## Records for processing

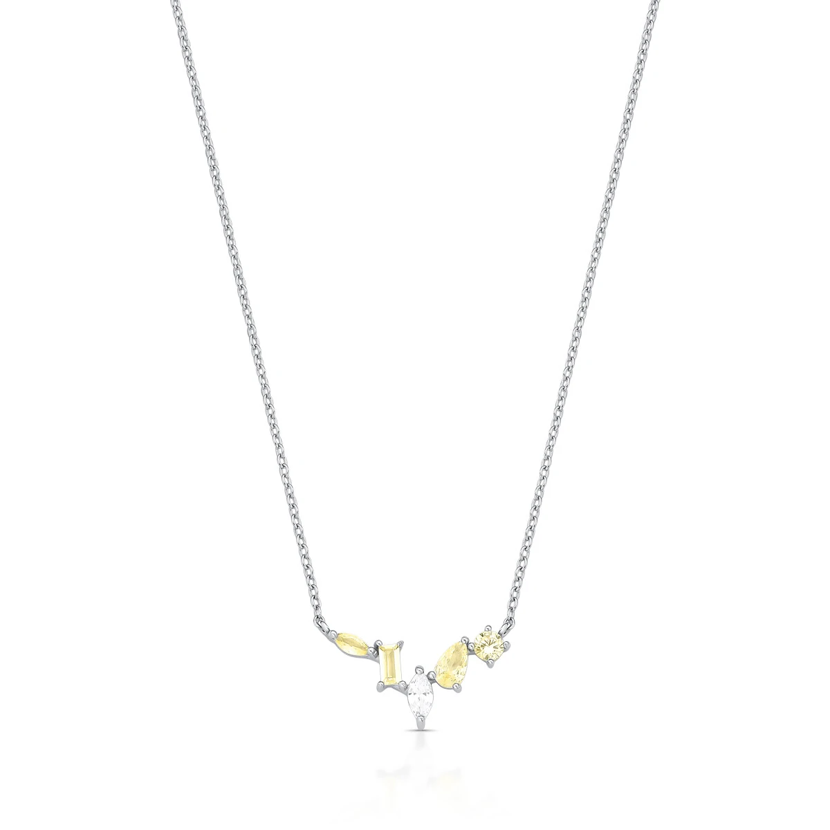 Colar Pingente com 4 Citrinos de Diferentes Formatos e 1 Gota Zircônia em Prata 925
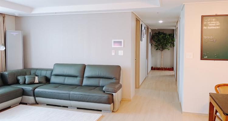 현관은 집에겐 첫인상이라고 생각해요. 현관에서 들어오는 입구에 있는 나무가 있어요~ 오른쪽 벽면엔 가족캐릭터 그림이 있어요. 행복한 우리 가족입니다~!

==

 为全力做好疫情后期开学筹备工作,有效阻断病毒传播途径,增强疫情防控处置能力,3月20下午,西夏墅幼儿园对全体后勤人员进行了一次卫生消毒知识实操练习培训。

* * *

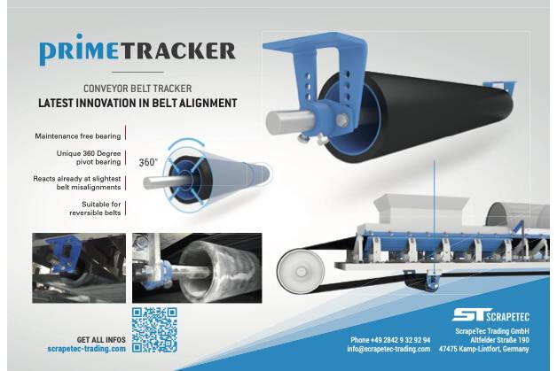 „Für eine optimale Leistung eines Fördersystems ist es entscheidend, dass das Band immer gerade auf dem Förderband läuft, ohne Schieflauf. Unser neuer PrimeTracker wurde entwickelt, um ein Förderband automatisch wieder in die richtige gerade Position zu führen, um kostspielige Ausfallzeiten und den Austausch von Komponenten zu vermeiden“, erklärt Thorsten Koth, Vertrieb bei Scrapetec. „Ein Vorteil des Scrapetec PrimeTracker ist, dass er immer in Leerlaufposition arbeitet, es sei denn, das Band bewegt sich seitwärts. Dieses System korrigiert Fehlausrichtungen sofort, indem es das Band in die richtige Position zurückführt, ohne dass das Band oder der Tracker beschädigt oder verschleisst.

## Assigned task
From the records above, transcribe only the stretch from the line with "Colar Pingente com" through the line with "현관은 집에겐 첫인상이라고", keeping both ends. Omit pictures.

## Result of the exercise
 Colar Pingente com 4 Citrinos de Diferentes Formatos e 1 Gota Zircônia em Prata 925
 현관은 집에겐 첫인상이라고 생각해요. 현관에서 들어오는 입구에 있는 나무가 있어요~ 오른쪽 벽면엔 가족캐릭터 그림이 있어요. 행복한 우리 가족입니다~!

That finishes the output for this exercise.